Gene mapping at the protein level
My DPhil in Walter Bodmer’s Oxford lab focused on early human gene mapping using somatic cell hybrids (van Heyningen et al. 1973). The use of somatic cells, with Pontecorvo as an early advocate of the approach (Pontecorvo 1971), was particularly useful for human genetics where controlled breeding experiments are not possible and family linkage studies are impeded by small family size. These early studies pre-dated DNA level analysis, relying instead on protein identification methods by function or with specific antibodies. Though novel and productive at the time, this approach had limited scope, as it required that the gene to be mapped is expressed in the rodent-human hybrid cell line used. Fortuitously, such cells, the products of fusion between an established rodent cell line with normal diploid human cells, randomly lose human chromosomes, creating a segregating system suitable for chromosomal gene assignment (Pontecorvo 1971). Cytogeneticists learnt to distinguish and identify the human chromosomes from the more constant rodent contribution in these somatic cell hybrids (Bobrow and Cross 1974). A little later, with the availability of monoclonal antibodies, frequently with species-specific marker recognition, the genes for expressed cell surface markers could also be mapped in hybrid cells (Kao et al. 1977).

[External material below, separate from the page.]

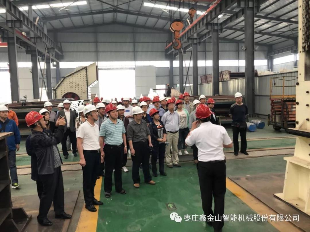 與會領(lǐng)導(dǎo)來到棗莊鑫金山智能機(jī)械股份有限公司參觀調(diào)研,在生產(chǎn)車間了解生產(chǎn)流程,公司戰(zhàn)略發(fā)展部長孫法虎陪同調(diào)研,市場部長耿慶金陪同介紹。

Classical family linkage studies were also rejuvenated by the use of the new mapping technique involving expressed genes, such as polymorphic enzyme markers distinguished electrophoretically, and polymorphic cell surface markers such as blood group antigens that could be followed using antibodies. Linkages were identified using logarithm for odds (LOD) scores (Morton 1996). Family studies were also essential for variant and disease phenotype linkage to progressively tighter chromosomal localizations.
The advent of DNA-level analysis
In 1974 when I arrived at MRC MGU, Ed Southern was still perfecting his newly invented DNA blotting technique, to be published the following year (Southern 1975), in the Journal of Molecular Biology, a highly favoured destination for key papers at that time. The new technology, “Southern blotting”, was used initially to characterize repetitive mouse satellite DNA, the periodicities of which were revealed by cutting with specific restriction enzymes. Satellite DNAs from rodents were identified in the course of density gradient ultra-centrifugation, then used routinely to purify DNA. They were multi-copy repeats with distinct nucleotide composition, which ran as a “satellite” peak, differing in density from the main DNA band. In the cell, these fractions were found near the centromeric regions of chromosomes. Aliquots of recently discovered restriction enzymes (Bigger et al. 1973) came at first as gifts from Noreen Murray’s nearby lab, but soon a young biochemist was employed at MRC MGU for the sole task of preparing restriction enzymes for the Unit. In 1979, the human alpha-globin cluster was mapped to chromosome 11, still using somatic cell hybrids, restriction enzyme fragmentation and Southern blotting (Jeffreys et al. 1979). Adoption of the new techniques permitted faster more generic gene mapping. Any piece of DNA, not just transcribed segments, could be mapped in this way. Gene expression was not required. With the availability of restriction enzymes and cloning vectors ready to receive appropriate DNA fragments, whole organismal genomes could, in principle, be represented in libraries, and individual clones could be systematically assigned to chromosomes and ordered using different technologies.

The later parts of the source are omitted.